The Red Bulls' season-opening game at Portland on Sunday night might have been the best game of a busy opening weekend for Major League Soccer. In some ways, though, the 3-3 tie was also the worst.
A few words on Sunday's key players:
Fabian Espindola is going to be really popular in Harrison if he keeps popping up in the right place. Acquired in an off-season trade with Real Salt Lake, he scored twice in the first 25 minutes Sunday, opportunistically pouncing on defensive mistakes. Sometimes scoring takes a brilliant move (more on that later). Sometimes it's just a matter of being in the right place. Sometimes it helps if your team's best player is so invisible for long stretches that you have more room to move.
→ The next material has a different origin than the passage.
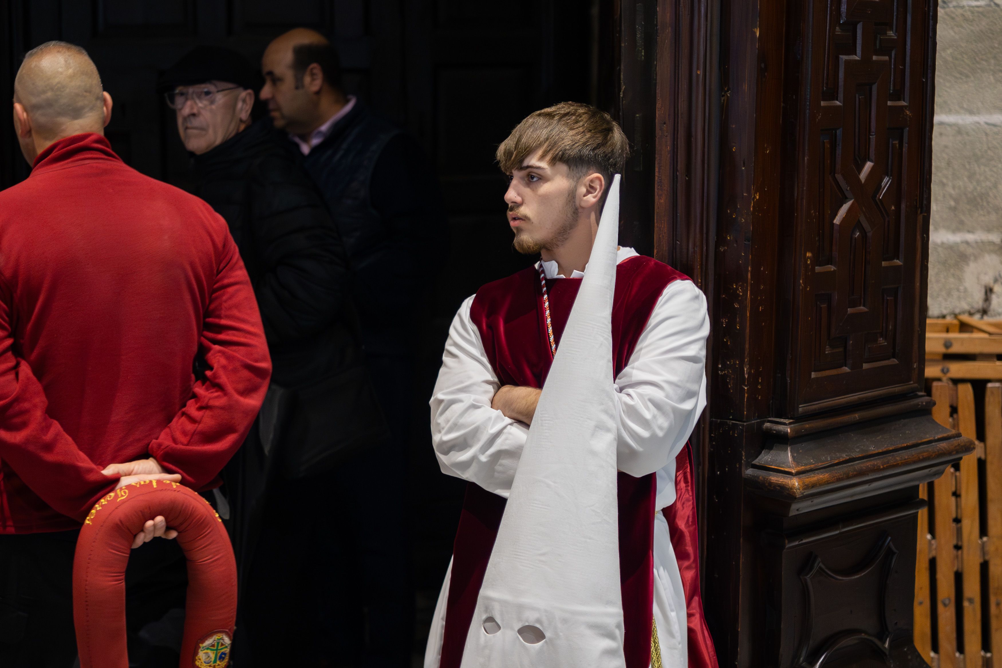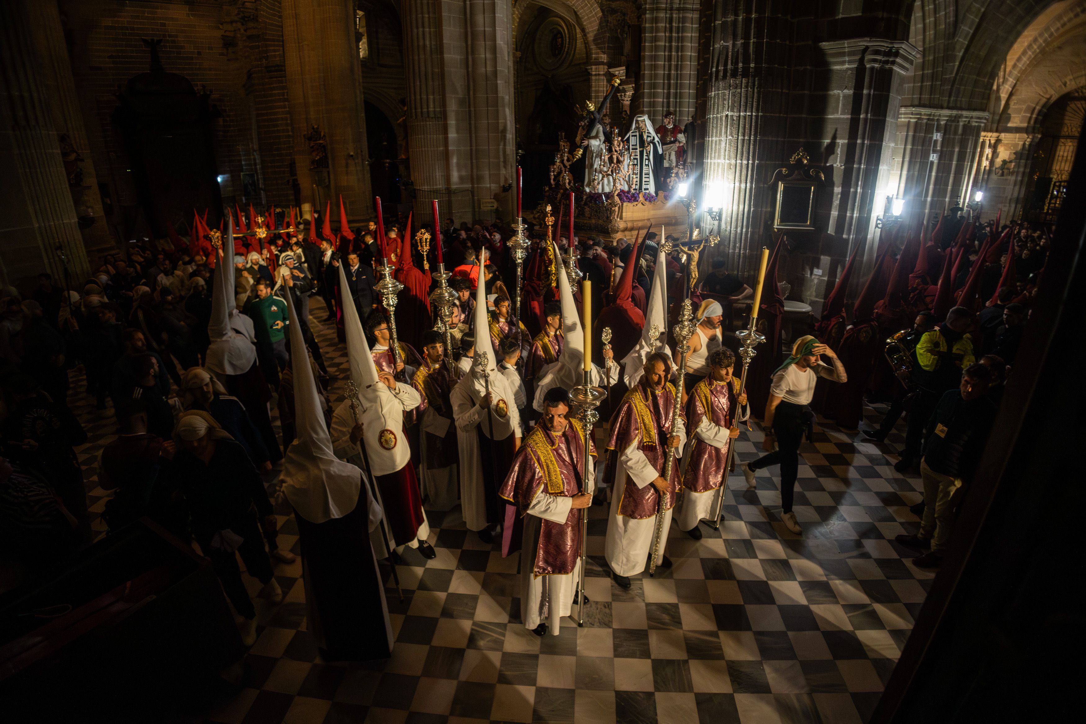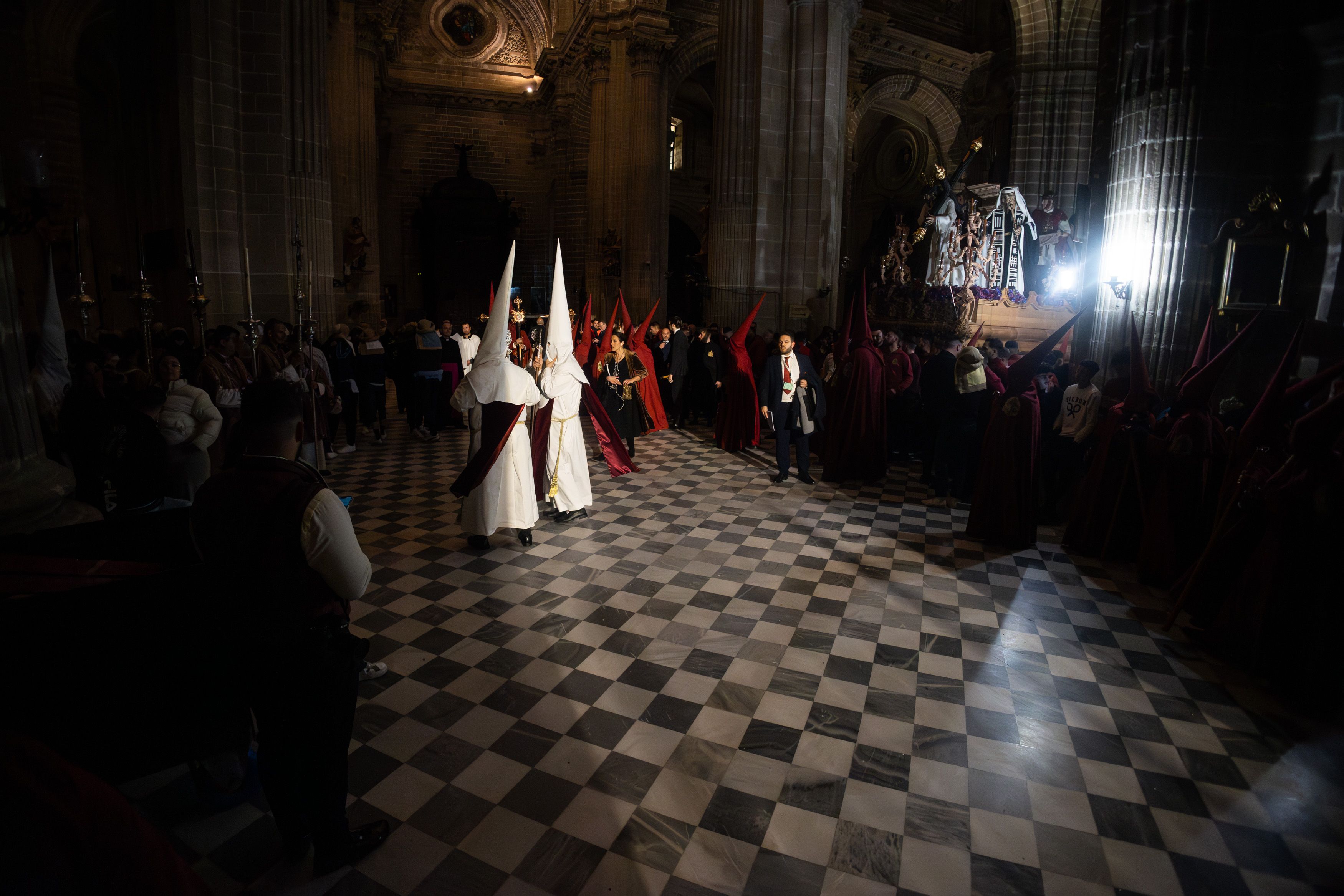 un Nazareno de La Clemencia en la Catedral aguardando la decisión de su hermandad.

Diego Valeri had the play of the game, juggling an entry pass through the center of the Red Bulls' defense before flicking it past goalkeeper Luis Robles in the 14th minute. It was a stunning bit of skill from the Argentine, who like Espindola was making his debut for his new team, and it served as a lifeline for Portland in a half in which plenty went wrong.
Mikael Silvestre had the worst opening night by an M.L.S. defender in front of his home crowd since, well, Nicola Caricola. But even the mighty Caricola was only to blame for one goal. Silvestre was responsible, directly or indirectly, for all three scored by the Red Bulls: a mind-numbingly bad back pass that led to Espindola's opening goal, a whiff that let Espindola in again to score the second, and a poorly timed walkabout that allowed the Red Bulls to add a third before halftime. That's a rough debut for a guy who attended his first practice with the team on Friday. At least he knows it can't possibly get worse.
Silvestre's troubles only served to cover up for the wild night of Jamison Olave, who scored the third goal — for each team. Olave pounced on a Heath Pearce cross in the 28th minute, scoring from close range, but then deflected a similar low cross from the right into his own net in the 83rd minute, completing Portland's comeback. Olave also wandered away like a child from his mother in a department store in the 93rd minute, leaving Ryan Johnson alone for a bicycle kick that could have won it for Portland.
The referee Jair Marrufo is not going to like the grades he gets from the league office after he turned a blind eye to a clear penalty in the 54th minute, when Heath Pearce pulled down Andrew Jean-Baptiste like a calf-roper in a rodeo ring. Pearce did everything but tie Jean-Baptiste's ankles together when he was done, but Marrufo saw none of it. Darlington Nagbe took Marrufo off the hook just over a minute later when he slammed in a rebound to make it 3-2, but if the Timbers hadn't come away with a point, they would have (rightly) been screaming about Pearce's foul.
Man of the match? For Portland, it has to be Valeri for his tight-space juggling act. For the Red Bulls? A tossup between Espindola and Silvestre.